While the man looked towards the nearest farmhouse, there appeared in his mind an image of a sailing ship lying on a reef within sight of cliffs. Tall waves were breaking against the ship, and the wind had torn the sails from the masts. Groups of people were huddled on the deck of the ship. Other people were trying to launch lifeboats. Noticeable among these people was a man who was taller and more enterprising than his fellows and who helped to launch several lifeboats and to guide people into the boats.

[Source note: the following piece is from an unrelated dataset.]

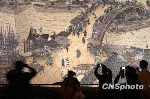 2010年5月9日,上海世博園中國館內100多米長卷的《清明上河圖》,引來眾多觀眾駐足。依托高科技演繹動感的《清明上河圖》給參觀者新奇與不同感受。 中新社發 (吳芒子 攝)

The man standing on the cliff took an interest in the few details that he seemed to remember from books that he had read. He had been trying for some years to complete the final draft of a long work of fiction, although he had excused himself from writing during the previous year on account of his wife's illness. While he stood on the cliff, he seemed about to learn something that would be of much use to him as a writer of fiction but he was not observant enough to notice such a detail in his mind as that the image of the wrecked sailing ship in his mind was not an image of any sort of nineteenth-century vessel. Not until twenty years later would the man notice that the details of the imageship were those of a line drawing of a Portuguese caravel from the fifteenth century. The man knew hardly anything about any sort of ocean-going vessel, but in his twelfth year he had copied into a school exercise book as part of a so-called project a line drawing of a caravel. As part of the same so-called project, he had searched several pages in his atlas for places bearing names
that seemed to be Portuguese. One such place that he found was the island named Tristan da Cunha in the South Atlantic Ocean, which island his teacher had not previously known about and which she supposed at first to be a fictional island in some or another book of fiction that the boy had read.